__DATASET SECTION__:
########

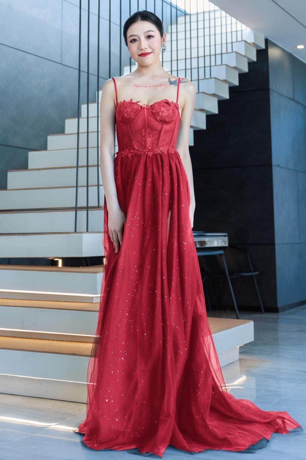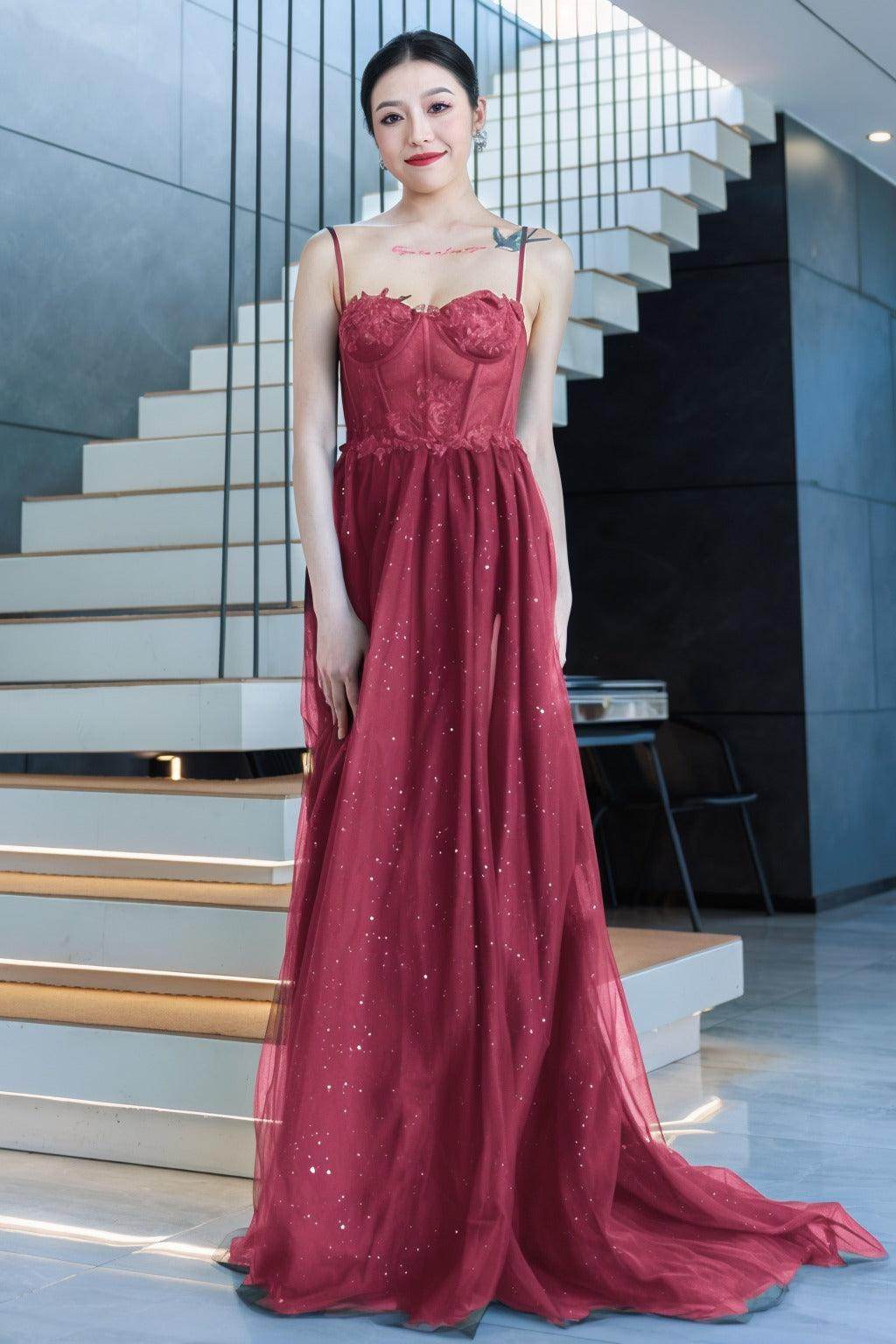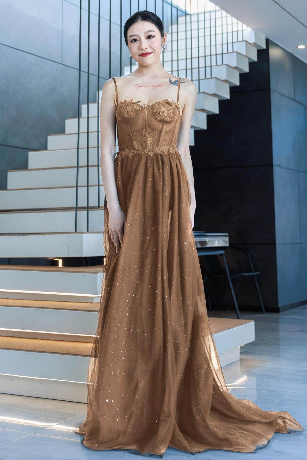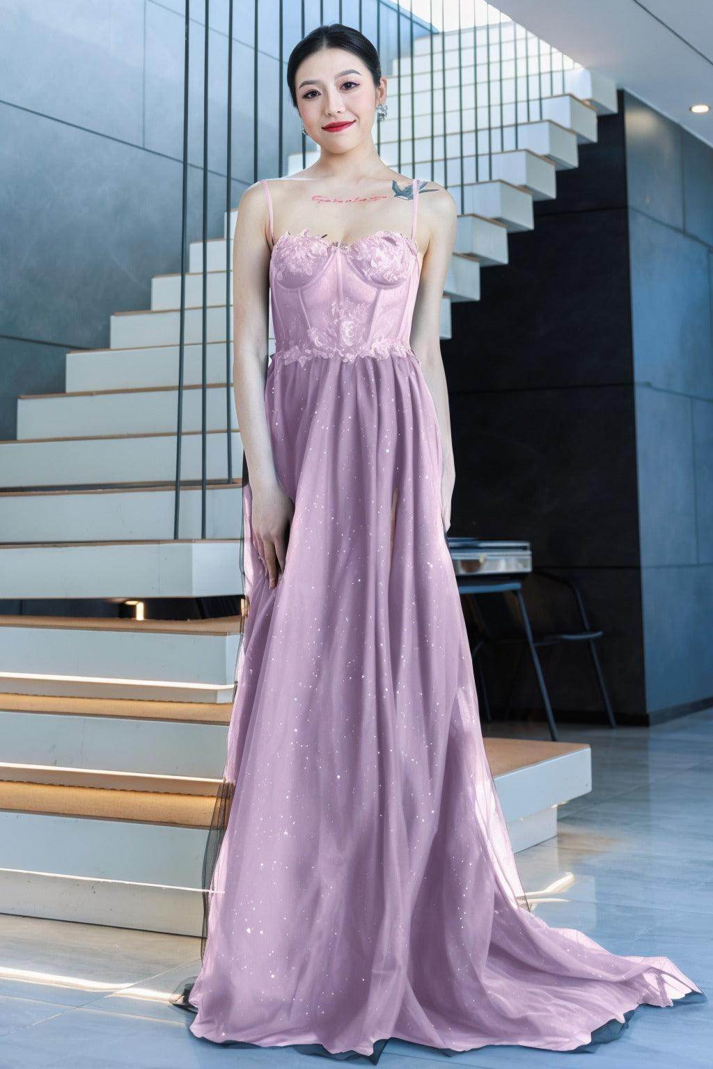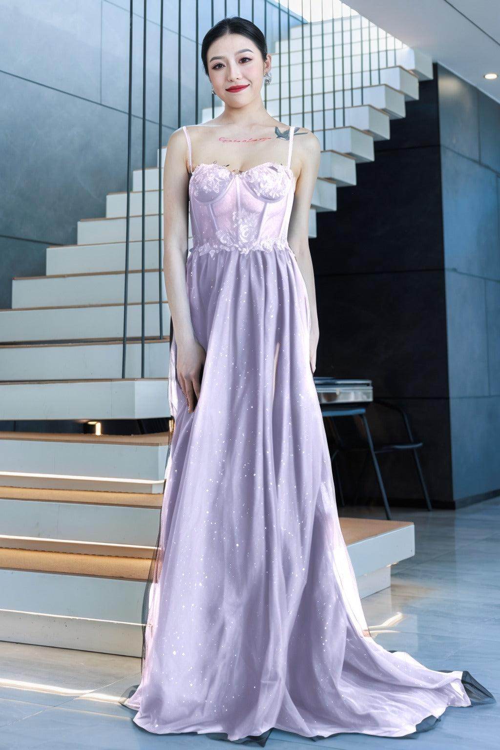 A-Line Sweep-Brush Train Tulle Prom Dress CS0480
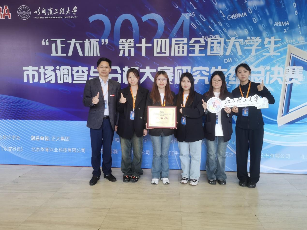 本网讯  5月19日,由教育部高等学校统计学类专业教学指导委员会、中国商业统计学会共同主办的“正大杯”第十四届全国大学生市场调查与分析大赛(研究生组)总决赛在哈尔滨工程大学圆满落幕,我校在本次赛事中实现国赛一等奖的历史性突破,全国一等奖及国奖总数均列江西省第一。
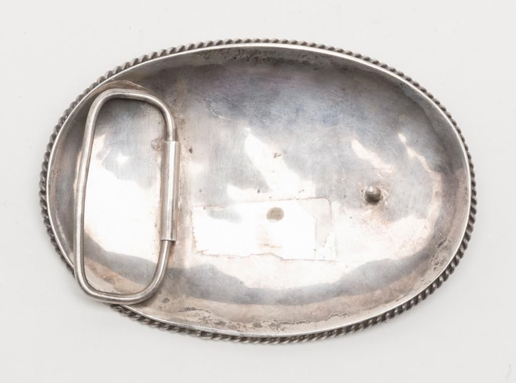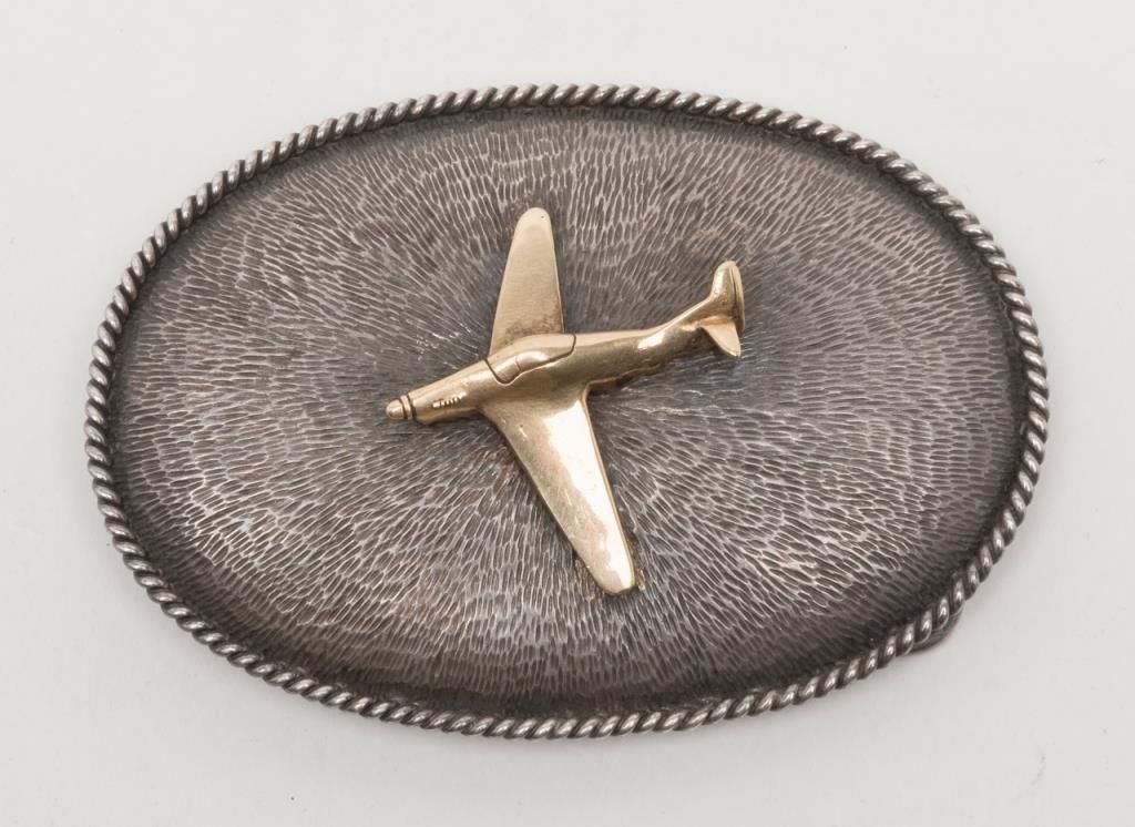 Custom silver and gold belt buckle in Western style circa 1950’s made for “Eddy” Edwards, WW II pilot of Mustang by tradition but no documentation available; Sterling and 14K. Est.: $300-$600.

########

__PROBLEM REQUIREMENTS__: None of the pictures belong in the copy; repeat all other material exactly.

__SOLUTION__:
 A-Line Sweep-Brush Train Tulle Prom Dress CS0480
 本网讯  5月19日,由教育部高等学校统计学类专业教学指导委员会、中国商业统计学会共同主办的“正大杯”第十四届全国大学生市场调查与分析大赛(研究生组)总决赛在哈尔滨工程大学圆满落幕,我校在本次赛事中实现国赛一等奖的历史性突破,全国一等奖及国奖总数均列江西省第一。
 Custom silver and gold belt buckle in Western style circa 1950’s made for “Eddy” Edwards, WW II pilot of Mustang by tradition but no documentation available; Sterling and 14K. Est.: $300-$600.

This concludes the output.